Здесь была та же едкая, густая пыль, что и в амбарах, но я увидел, что «лопатарам», залезающим в трюм с маленькими деревянными лопатками для разгребания зерна и мокрыми тряпками для защиты глаз, рта и носа, хуже, чем мне. Здесь были еще и ветер, и солнце, и дождь, надо было выстаивать весь день на открытой палубе, но я увидел, что грузчикам, поднимающимся с тяжелыми мешками на плечах по шатким и скользким мосткам, повисшим над водой, приходится еще трудней.

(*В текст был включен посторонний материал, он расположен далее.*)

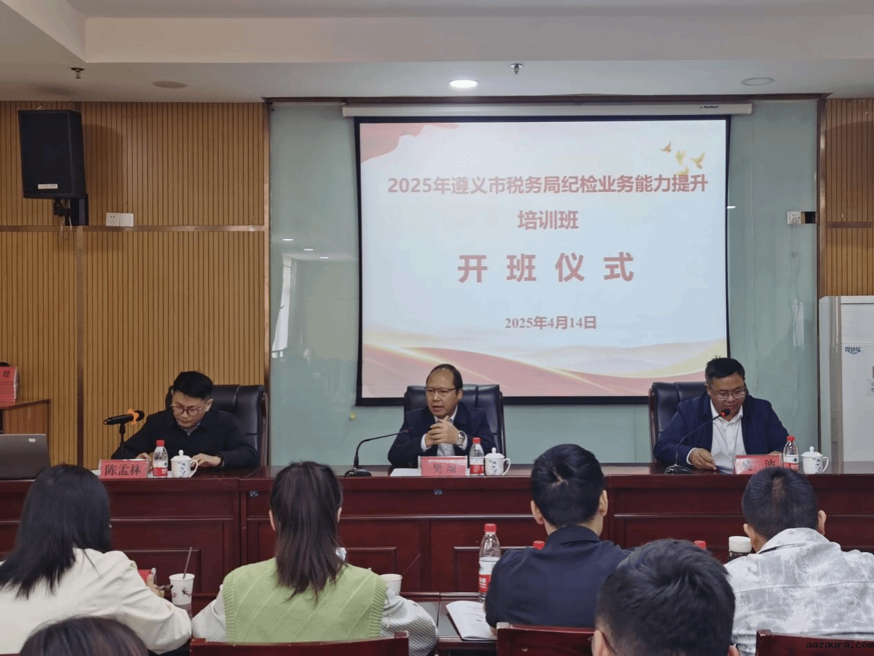 ·4月14日,2025年遵义市税务局纪检业务能力提升班在米兰体育中国官网网址开班。遵义市税务局党委委员、纪检组长樊瑜,米兰体育中国官网网址党委委员、副校长吴波出席开班仪式。来自全市税务系统的49名纪检干部将参加本次为期5天的集中培训。(继续教育学院)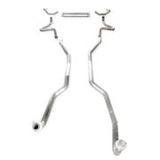 1967-68 Chevy Camaro, Small Block exhaust. Made from 304 stainless steel, for maximum corrosion resistance. All tubes are CNC mandrel bent for optimal flow. Designed to fit factory manifolds. With lead pipes sleeved and flared with flanges and over-axle pipes flow right into a Transverse muffler into the tailpipes that exit in stock location behind rear tire. 1967-68 small block Camaro. Mill finish, All TIG welded for strength and durability. These kits come with a lifetime warranty and proudly made in the USA.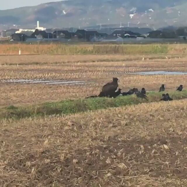 佐渡島 田んぼの真ん中で鳥の着ぐるみを着た人がカラスと戯れてるのかと思ったら本物のどデカい鳥だった 王様って感じ さすが佐渡だ Togetter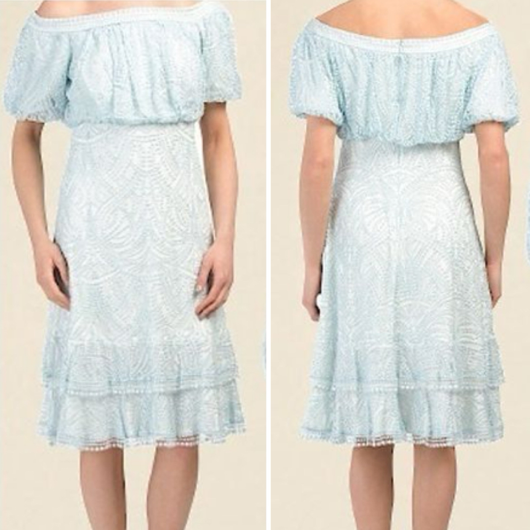 TADASHI SHOJI タダシショージ オフショルドレス パーティードレス フォーマルワンピース レース フィット&フレア Aライン 総刺繍 エンブロイダリー パフスリーブ 半袖

Корабли, на которых я работал, прибывали из далеких стран; в другое время я был бы счастлив сюда попасть. Но теперь, выстаивая долгие часы на закрепленной болтами кровле этих стальных домов, я не чувствовал любопытства. В свободные минуты я прохаживался иногда по палубам, взбирался по стальной лесенке на мостик, заглядывал в машинное отделение, похожее на гигантский зал, уставленный сложными механизмами, вызывающими удивление; да и весь корабль, сооружение, собранное из десятков тысяч деталей, аккуратно и точно пригнанных, прикованных друг к другу болтами, винтами, цепями, – это чудо кропотливого труда и точного расчета, которое в другое время вызвало бы во мне восторг и поток самых разнообразных мыслей и ощущений, – теперь меня не волновал. Усталый, озябший, с отекшими пальцами и тяжелым комом в горле, я смотрел с полным безразличием на иностранные флаги – разноцветные лоскуты материи с нашитыми или нарисованными на них линиями, звездами, кружками; не удивляясь, медленно перечитывал названия далеких и неизвестных мне портов. Все корабли были теперь для меня одинаковыми и отличались друг от друга только количеством часов, проведенных мною около их зияющих трюмов, откуда беспрестанно, как из огромной трубы, валила пыль, не менее едкая, не менее горькая, густая и черная, чем фабричный дым.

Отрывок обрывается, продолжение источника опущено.